What is needed = The reply should be an exact repeat of the listing, with no pictures in it.

Data block =
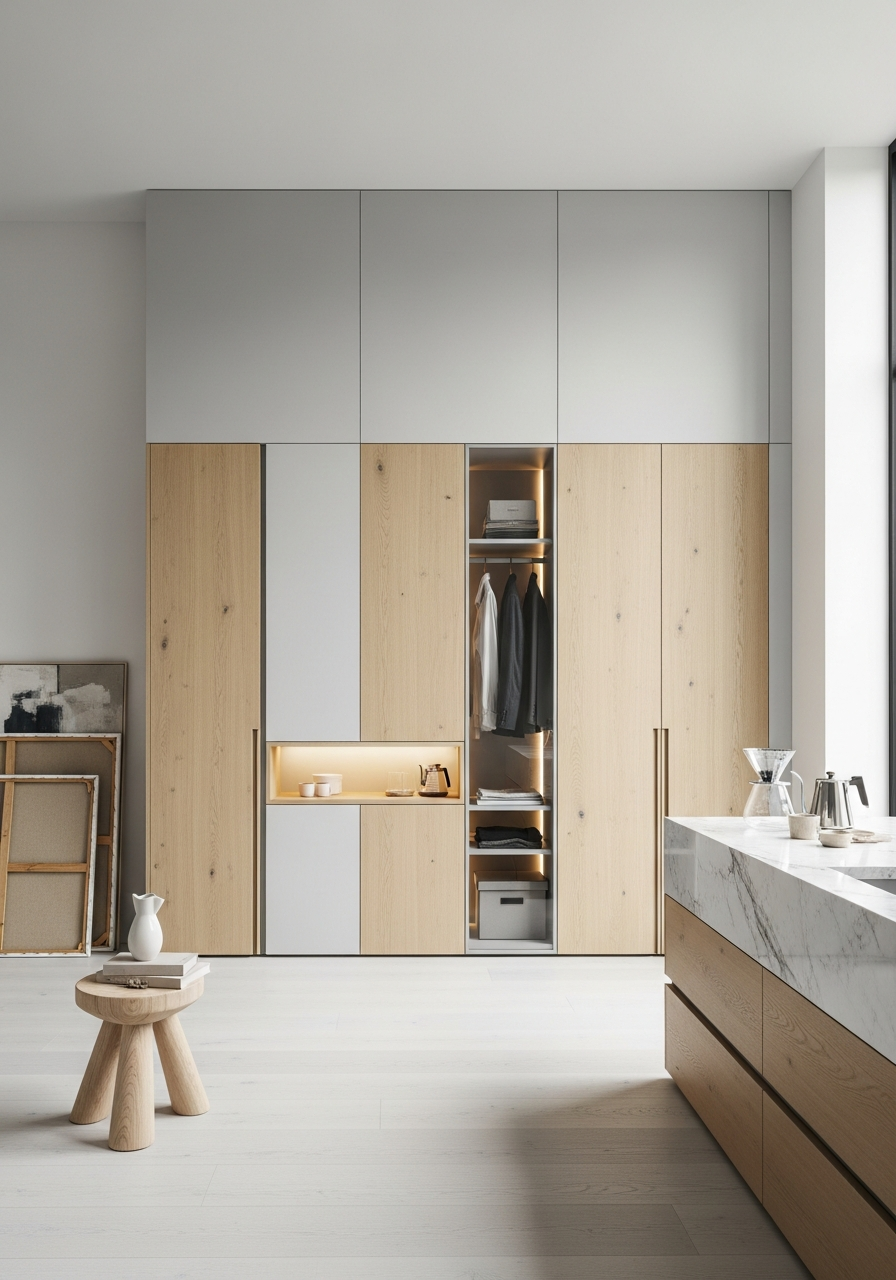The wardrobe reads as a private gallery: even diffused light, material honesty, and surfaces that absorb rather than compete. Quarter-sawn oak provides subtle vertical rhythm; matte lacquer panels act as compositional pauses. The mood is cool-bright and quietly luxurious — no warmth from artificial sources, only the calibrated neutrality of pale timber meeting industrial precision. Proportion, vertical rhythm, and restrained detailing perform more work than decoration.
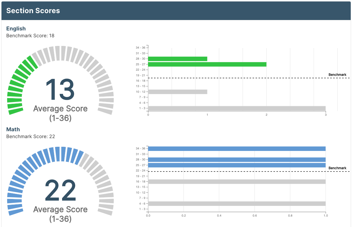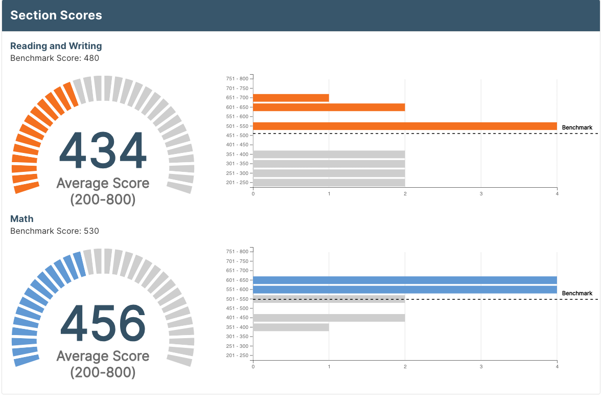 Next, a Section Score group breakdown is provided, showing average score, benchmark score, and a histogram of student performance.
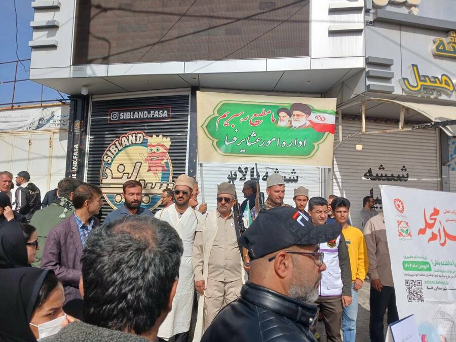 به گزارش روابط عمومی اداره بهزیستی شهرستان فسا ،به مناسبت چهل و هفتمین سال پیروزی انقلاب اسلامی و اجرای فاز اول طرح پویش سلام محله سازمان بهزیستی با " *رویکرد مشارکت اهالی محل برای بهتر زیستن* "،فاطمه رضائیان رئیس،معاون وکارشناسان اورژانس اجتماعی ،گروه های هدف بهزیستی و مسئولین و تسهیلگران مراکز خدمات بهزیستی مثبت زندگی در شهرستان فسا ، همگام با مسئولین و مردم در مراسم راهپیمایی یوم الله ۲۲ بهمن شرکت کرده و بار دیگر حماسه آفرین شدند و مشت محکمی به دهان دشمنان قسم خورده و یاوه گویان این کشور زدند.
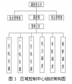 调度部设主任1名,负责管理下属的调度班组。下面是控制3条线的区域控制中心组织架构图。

Result below =
The wardrobe reads as a private gallery: even diffused light, material honesty, and surfaces that absorb rather than compete. Quarter-sawn oak provides subtle vertical rhythm; matte lacquer panels act as compositional pauses. The mood is cool-bright and quietly luxurious — no warmth from artificial sources, only the calibrated neutrality of pale timber meeting industrial precision. Proportion, vertical rhythm, and restrained detailing perform more work than decoration.
 Next, a Section Score group breakdown is provided, showing average score, benchmark score, and a histogram of student performance.
 به گزارش روابط عمومی اداره بهزیستی شهرستان فسا ،به مناسبت چهل و هفتمین سال پیروزی انقلاب اسلامی و اجرای فاز اول طرح پویش سلام محله سازمان بهزیستی با " *رویکرد مشارکت اهالی محل برای بهتر زیستن* "،فاطمه رضائیان رئیس،معاون وکارشناسان اورژانس اجتماعی ،گروه های هدف بهزیستی و مسئولین و تسهیلگران مراکز خدمات بهزیستی مثبت زندگی در شهرستان فسا ، همگام با مسئولین و مردم در مراسم راهپیمایی یوم الله ۲۲ بهمن شرکت کرده و بار دیگر حماسه آفرین شدند و مشت محکمی به دهان دشمنان قسم خورده و یاوه گویان این کشور زدند.
 调度部设主任1名,负责管理下属的调度班组。下面是控制3条线的区域控制中心组织架构图。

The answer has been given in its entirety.